Other research supports a similar theme. In a national survey of high school students, researchers found that bullied teens were more likely to bring a weapon to school if they reported at least one of three experiences — having been threatened or injured at school; having skipped school because it felt unsafe; and having been in a physical fight at school (Pham et al 2017).
Among kids who reported having all three experiences, 46% said they had carried “a weapon such as a gun, knife, or club” to school in the previous month (Pham et al 2017).
This survey didn’t ask students to specify whether the weapon was a firearm or something else, like a knife. But other studies focusing on firearms have reported the same strong link: Kids are more likely to carry guns if they’ve been victimized or witnessed violence (Reid et al 2017).
And a study of Boston high school students (Hemenway et al 2011) suggests the potential for a literal arms race: Kids were more likely to report bringing guns to school if they believed that other students were carrying firearms.

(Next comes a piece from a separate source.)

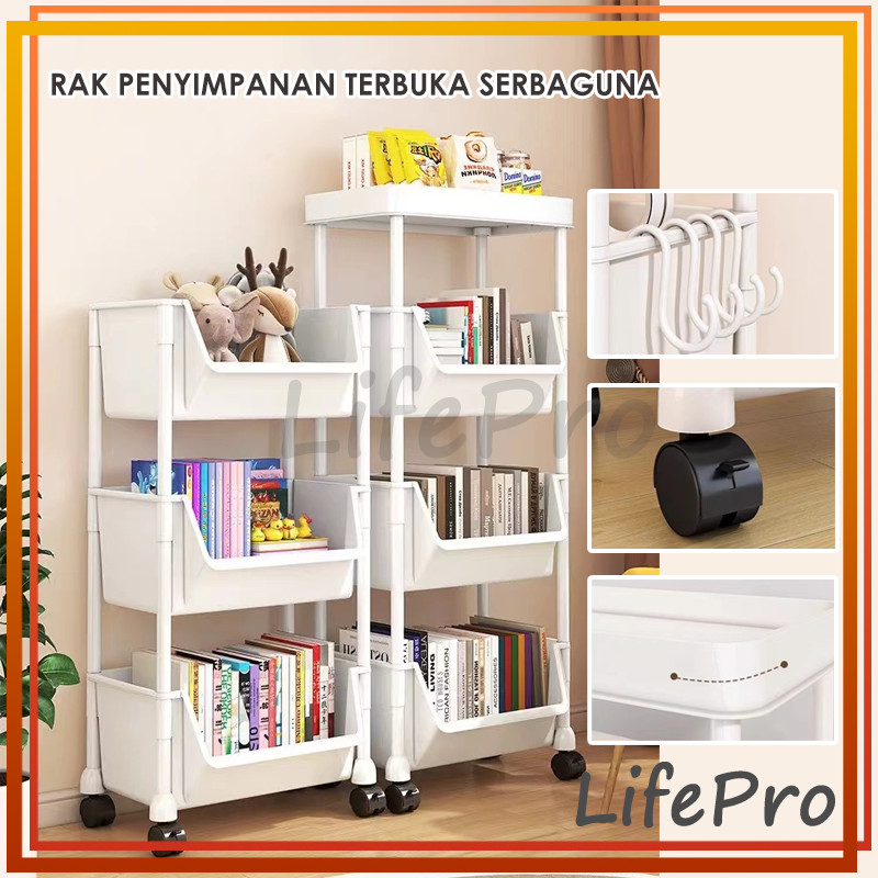 rak susun Buku Plastik Rak Portable / Roda Toy Storage Rak / Rak Dapur Serbaguna Rak Troli Rak Kamar Mandi Rak Susun Pla

Moreover, students “substantially overestimated the percentage of their peers who carried guns” and “believed it was easier for other youth to obtain guns than it was for them” (Hemenway et al 2011).
The previous points suggest we need to do more to keep kids from getting their hands on guns, and we need to make school and other environments feel safe. Some of this can be accomplished through gun safety education, and through comprehensive programs aimed at reducing bullying and aggression.
But it’s also clear that sheer availability matters. For example, in one study, researchers analyzed FBI homicide reports from all fifty U.S. states. They compared rates of gun ownership with rates of “non-stranger homicides” (deaths caused by people known the victims), and found a strong correlation:
For every 1% increase in a state’s gun ownership rate, there was a 1.04% increase in non-stranger homicides (Seigel et al 2014).
If we enforce stronger laws to regulate gun ownership, can we save children’s lives? There is ample reason to think so.
When researchers analyzed 15 years of firearm-related fatalities in the U.S, they found that fewer children die in states that have stronger gun regulations (Resknick et al 2017).
In another large study, researchers found that kids in the United States were less likely to have been injured by firearms if they lived in a state with strong gun regulations (Safavi et al 2014).
It’s the trend for gun-related homicides in general. When Elinore Kaufman and her colleagues analyzed data collected by the Center for Disease Control in the 48 contiguous U.S. states, they found that counties in states with the weakest gun regulations had the highest rates of firearm homicide (Kaufaman et al 2018).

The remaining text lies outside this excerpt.